Prize : Supplied & TBA by Wrecker45 

Closest to April 27th AM Fix + or - , Wins the Prize - I will be using Kitco AM Fix

Edited Post - Will be disqualified and you may only post once

Cut off date for entries is April 8TH 5PM EASTERN STANDARD TIME


----------



## EDI Refining (Mar 31, 2011)

EDI GOLD - $1440 / OZ USD


----------



## etack (Mar 31, 2011)

etack- 1467.25


----------



## escrap (Mar 31, 2011)

Escrap- 1463.55


----------



## nickvc (Mar 31, 2011)

Nickvc $1412.40.


----------



## TheGarbageManCan (Mar 31, 2011)

Thegarbagemancan $1417.00


----------



## wrecker45 (Mar 31, 2011)

the prize will be a 20 in. 18ct. layered gold neckless ladys or mans. i guess $1435.62. my guess will not count.


----------



## TaTonka (Mar 31, 2011)

Active long time reader that doesn't post but I put my guess in at $1420.00


----------



## gold4mike (Mar 31, 2011)

godl4mike - $1456.20


----------



## joem (Mar 31, 2011)

wrecker45 said:


> the prize will be a 20 in. 18ct. layered gold neckless ladys or mans. i guess $1435.62. my guess will not count.

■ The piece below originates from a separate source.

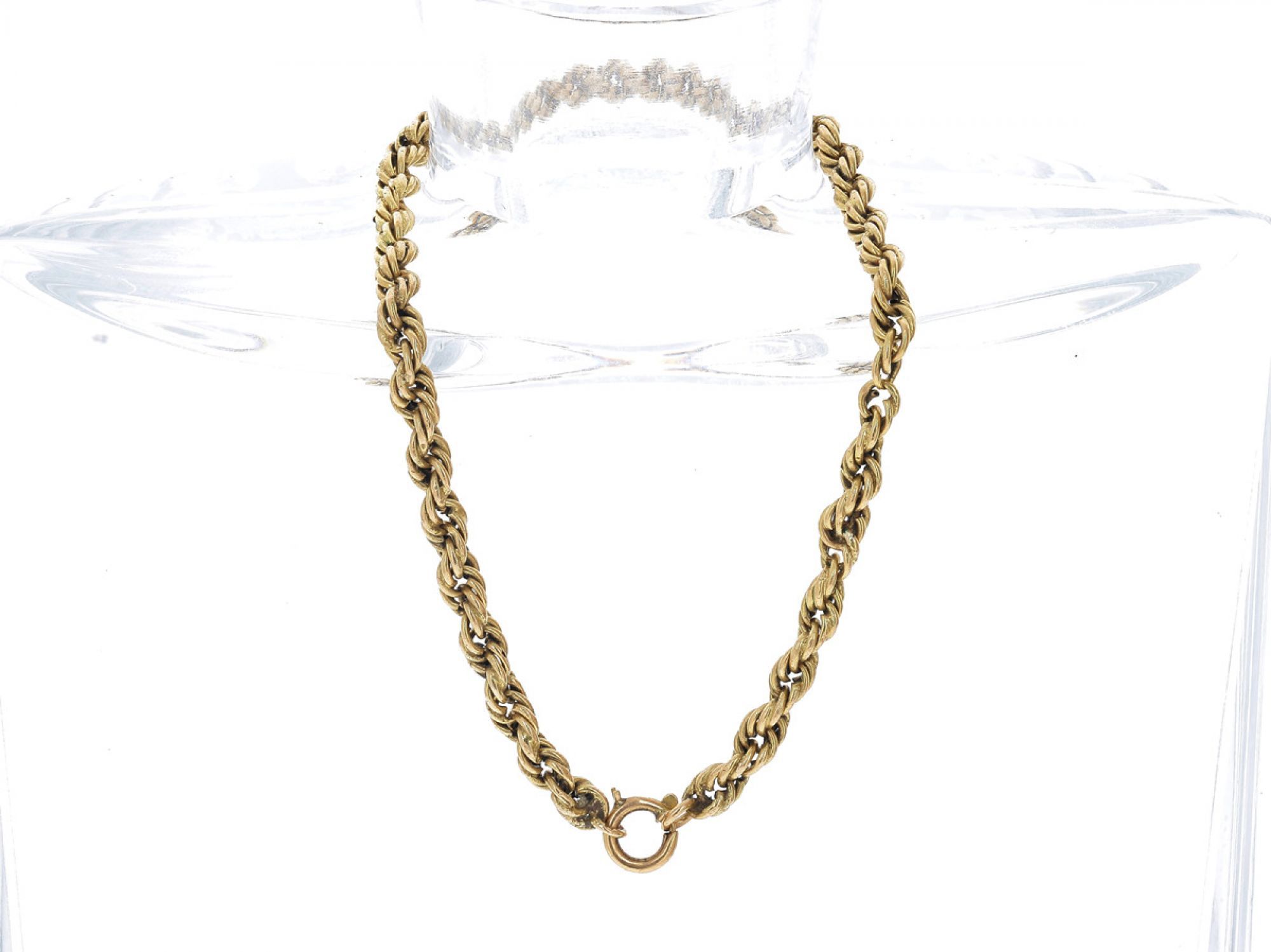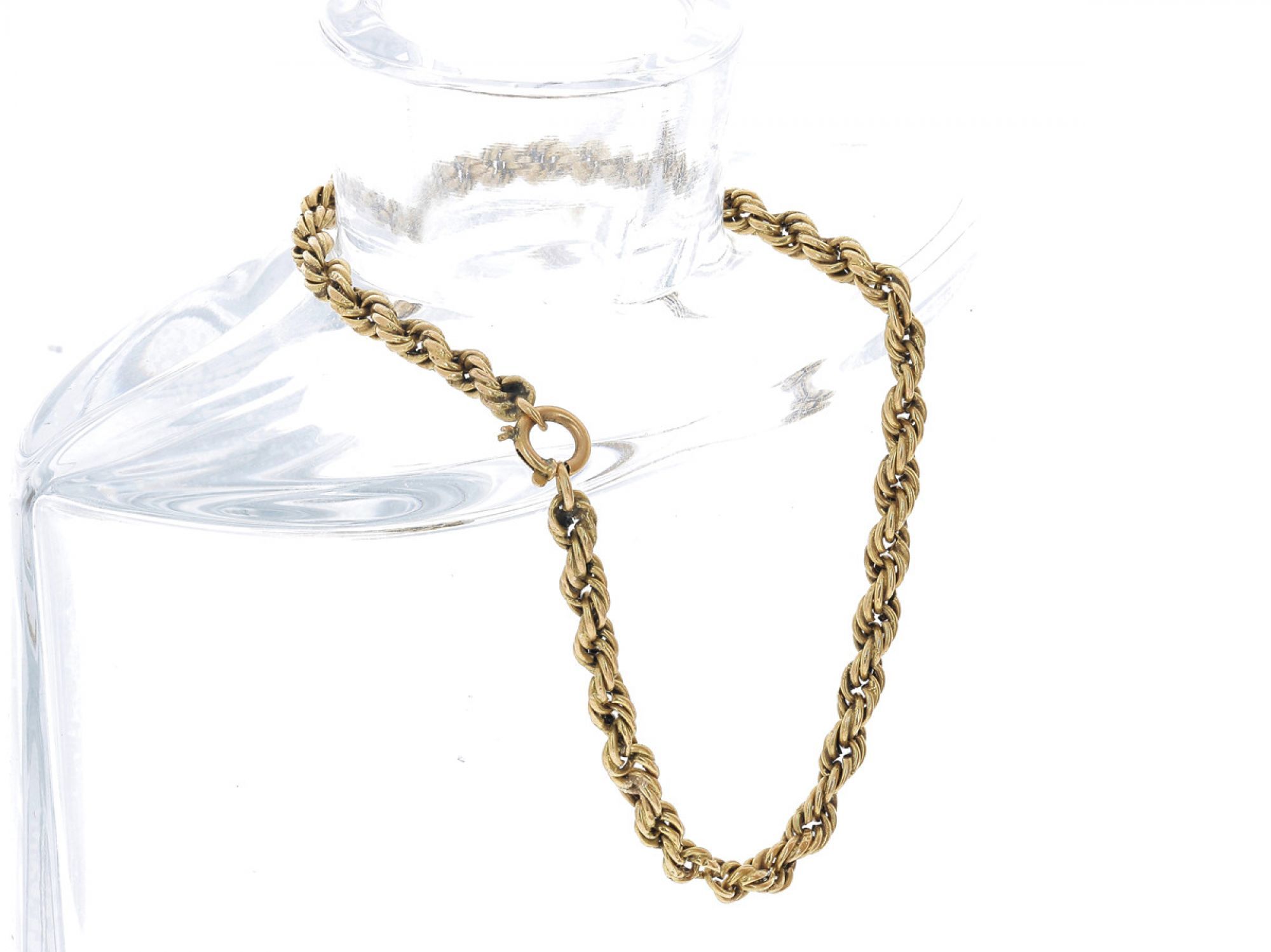 Lote 026 - Pulseira ANTIGA em malha corda elaborada em OURO 19,2 Quilates. Estado de Conservação: Muito Bom. Contraste: Cabeça de Dragão 2 (Ouro 583) (1938-1984 - ao abrigo do Decreto Lei 120/2017, artigo 3.º, alínea y). Medidas (CxL): 21,8x0,3cmcm. Peso Total: 5,1g.r

I have not posted a guess yet but can I see a picture of that "neckLESS" lady? :shock: :lol:


----------



## chefjosh77 (Mar 31, 2011)

chefjosh77 - $1429.82


----------



## Buzz (Mar 31, 2011)

Buzz - $1444.20


----------



## goldenchild (Mar 31, 2011)

$1450


----------



## glondor (Mar 31, 2011)

1456.78


----------



## patnor1011 (Mar 31, 2011)

1514


----------



## Claudie (Mar 31, 2011)

$1474.20
:|


----------



## copperkid_18 (Mar 31, 2011)

1427.84


----------



## skeeter629 (Mar 31, 2011)

1424.32


----------



## dcurzon (Apr 1, 2011)

dcurzon - $1478.31


----------



## shyknee (Apr 1, 2011)

shyknee - 1403.50 us $


----------



## stihl88 (Apr 1, 2011)

Stihl88 at $1454 US -T'oz


----------



## seawolf (Apr 2, 2011)

seawolf 1444.44 T oz.


----------



## samuel-a (Apr 6, 2011)

1487


----------



## sebastionay (Apr 6, 2011)

$1488


----------



## shaftsinkerawc (Apr 6, 2011)

shaftsinkerawc 1475.75/0unce Au.


----------



## element47 (Apr 6, 2011)

$1461.88 element47


----------



## Malais (Apr 7, 2011)

Malais- $1435.00


----------



## mlgdave (Apr 7, 2011)

1491.50


----------



## bigjohn (Apr 7, 2011)

$1441.01


----------



## Noxx (Apr 8, 2011)

$1400 USD


----------



## philddreamer (Apr 8, 2011)

philddreamer $1477.60 USD.


----------



## jaythenutz (Apr 8, 2011)

1472.25 us


----------



## Barren Realms 007 (Apr 8, 2011)

$1515.00


----------



## Anonymous (Apr 8, 2011)

$1516


----------



## Anonymous (Apr 8, 2011)

Whew made it with 1 minute to spare.
Will it be the opening price on the 27th?Or is there another specific time?


----------



## patnor1011 (Apr 8, 2011)

I see that recent weakening of dollar spiked higher predictions


----------



## Richard36 (Apr 9, 2011)

$1500 USD by, or before seven business days from now. 
At the current rate of increase in value, that's a realist expectation, provided it continues.


----------



## Barren Realms 007 (Apr 24, 2011)

Barren Realms 007 said:


> $1515.00



3 more days till deadline. mic you beat me and I coming down there to beat up on you. 8)


----------



## joem (Apr 24, 2011)

Barren Realms 007 said:


> Barren Realms 007 said:
> 
> 
> > $1515.00
> ...


Now that's a B-day Present :lol:


----------



## Anonymous (Apr 24, 2011)

Oh this should be fun.


----------



## Barren Realms 007 (Apr 24, 2011)

mic said:


> Oh this should be fun.



Ahh just post another guess and loose by default and give me a good birthday present. :roll: 8)


----------



## Anonymous (Apr 24, 2011)

In exchange for what I owe you? Sure!


----------



## Barren Realms 007 (Apr 24, 2011)

mic said:


> In exchange for what I owe you? Sure!



Intrest on account.


----------



## EDI Refining (Apr 27, 2011)

TODAYS AFTERNOON FIX

$1511.00 USD

Winner is Patnor1011 with the guess of $1514, Patnor1011 didn't you win the last competition?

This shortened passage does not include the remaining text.